Unter uns gesagt: Zu den spannendsten Angeboten des Kulturgeschehens gehören die Eröffnungszeremonien von Festivals ja eher nicht. Man freut sich entsprechend, wenn einmal etwas aus dem Ruder zu laufen scheint. Etwa, wenn bei den Auftaktfeierlichkeiten des steirischen herbst auf dem Grazer Mariahilferplatz zwei junge Klimaaktivistinnen überraschend das Rednerpult und dazu kurz die Themenhoheit auf dem Platz übernehmen. Bühnenpiraterie war das allerdings nicht, sondern eine akkordierte Intervention.

Kurz zuvor hatte Festivalintendantin Ekaterina Degot in ihrer Eröffnungsrede unterm Grazer Uhrturm "die dissidente Stimme der Kunst, die Stimme der Ungehorsamen, der Andersartigen" gepriesen und ein künstlerisches Handeln eingefordert, das sich nicht auf die Seite der Machthabenden schlägt, sondern jenseits von Kompromiss und Konformismus Widerständigkeit übt, ohne billige "progressive Klischees" zu bedienen.

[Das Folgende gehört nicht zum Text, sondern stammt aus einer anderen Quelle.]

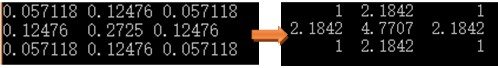 在进行掩模矩阵(3x3)的归一化处理时,将矩阵左上角的系数值作为归一化运算的分母。
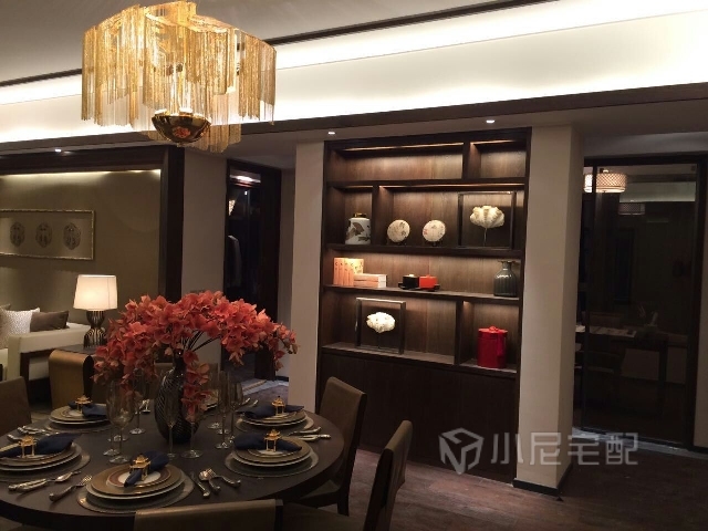 餐廳的簡潔適用背景造型搭配復古的地面拼花,高端的吊燈,讓就餐成為一種享受。

So ein Aufruf funzt und funkt, wenn man ihm dann gleich selbst Folge leistet. Das obgenannte Intermezzo, dessen Aktivismus und Aktionismus man – zugegeben – auf der Skala zwischen "Beste herbst-Tradition" und "Billige Punktemacherei" je nach Gusto da oder dort verorten kann, war also zumindest konsequent – auch in der Herausforderung für die obligat zu Grußworten ausgerückte Politikerriege, die Irritation zu parieren. Oder gar etwas Sinnvolles, nicht Einstudiertes zur beherrschenden Krise der Stunde, der Zeit zu äußern.

Ist die kleine Provokation ein Zeichen dafür, dass die Intendantin, die mit diesem herbst ihre zweite Amtszeit angetreten hat, endgültig ihren Groove gefunden hat? Gut möglich. Im sechsten Jahr ihrer Intendanz und im 56. Jahr des steirischen herbst hat Degot jedenfalls ein Programm gestaltet, das einige Schwächen vorangegangener Ausgaben abstreifen konnte. Konzeptuell war bisher jedes ihrer Festivals gut gedacht, aber etliches wirkte in der Umsetzung konfus und kraftlos.

In dieser Ausgabe hat Degots Ausstellungsprogramm deutlich an Systematik und Stichhaltigkeit gewonnen; die Performanceschiene, lange eine Achillesferse des Programms, wirkt nicht länger wie der bildenden Kunst beliebig aufgepfropft und hat mehr Stringenz als bisher. Dazu fügen sich ein saftiges und schlüssiges Parallelprogramm und einige unternehmungslustige Vermittlungsprojekte.

Ob das Festival insgesamt gelingt, wird sich natürlich erst zeigen, es läuft ja noch bis 15. Oktober. Aber nach den dürren Konstrukten der ersten Jahre hat Degots herbst jetzt wieder mehr Ereignischarakter: Das hat was zu bedeuten, wenn sogar eine Eröffnung funzt und funkt.